Und das Netzteil von Thermaltake reicht locker auch für eine deutlich stärkere Karte aus. Ist der PC denn SEHR lange pro Tag an?


Ach ja: Laufwerk, also DVD-Laufwerk vermute ich, hast Du also - hat das denn SATA, oder? Die So1155-Board haben nämlich kein IDE mehr.



ps: ICH hatte nie was gegen AMD gesagt, aber ich dachte halt, für 500€ will man das was starkes und gleichzeitig stromsparendes, da wäre ein core i5 halt optimal   Mit AMD könnte man wiederum ein sehr stromsparendes und günsirges, aber für den Preis nicht ganz so starkes System bauen. Oder ein MIttelding für Gamer, da ist ein AMD x4 965 immer noch ein guter Tipp.


----------



## svd (16. Juli 2012)

Gut, je mehr Teile du schon hast, desto besser. 

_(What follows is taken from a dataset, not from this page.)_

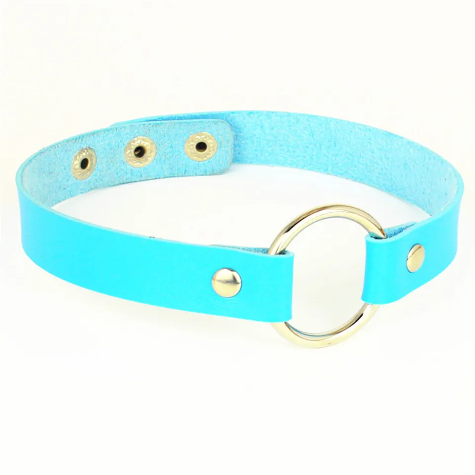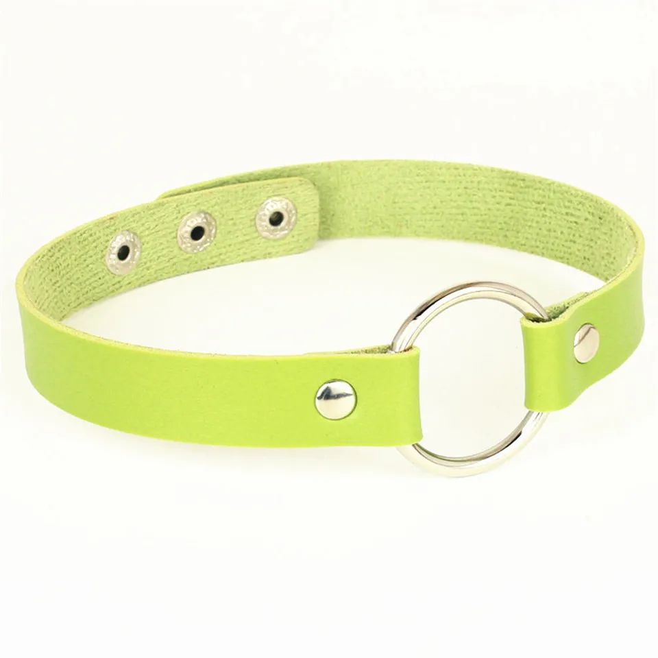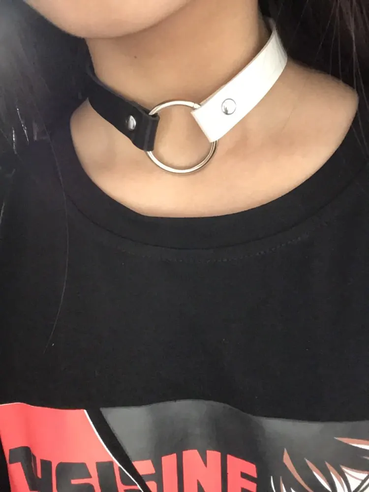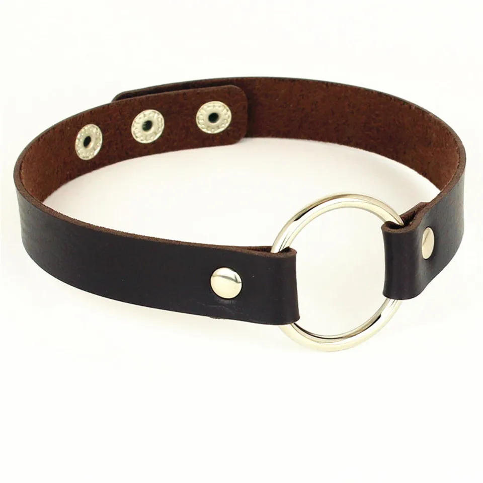 Новая мода Женщины Мужчины Прохладный Punk Goth Черный Круглый Форма кожа Воротник Choker ожерелье ювелирных изделий Аксессуары

Nun ja... WLAN Karte... 300Mbps Sticks kosten eigentlich nicht die Welt...

Grafikkarte... schade, dass die Zeit drängt. Mit viel Bauchweh, weil nur GDDR3, deshalb langsamer als die Vorgängerkarte (HD5670), die neu nur noch schwer oder überteuert zu bekommen ist, außerdem sehr viel langsamer als die HD5770, würde ich die HD6670 nehmen.

Und Mainboard nimmst du halt ein günstiges ATX Board von zB ASUS.


----------



## hell046 (19. Juli 2012)

Ja gut dann nehm ich wohl das Thermaltake Netzteil und das vorgeschlagene Gigabyte Mainboard. Hab mich dann jetzt doch entschieden die 5770 gebraucht zu kaufen. Das sollte auch nicht lang dauern und ist von dem Preis/Leistungs Verhältnis dann doch am besten. Der PC läuft ja auch erstmal ohne Grafikkarte gut. 

Ja zu den Fragen:

Ja meine Laufwerke haben Sata. Geht auch IDE aber haben Sata was ich auch besser so finde.
&
Ja der PC ist öfters ziemlich lang am Tag an. Ganz genau kann ich das nicht beantworten aber es kommt schon vor dass der PC von 10 Uhr morgens bis 6 Uhr abends läuft. Also recht lang finde ich. 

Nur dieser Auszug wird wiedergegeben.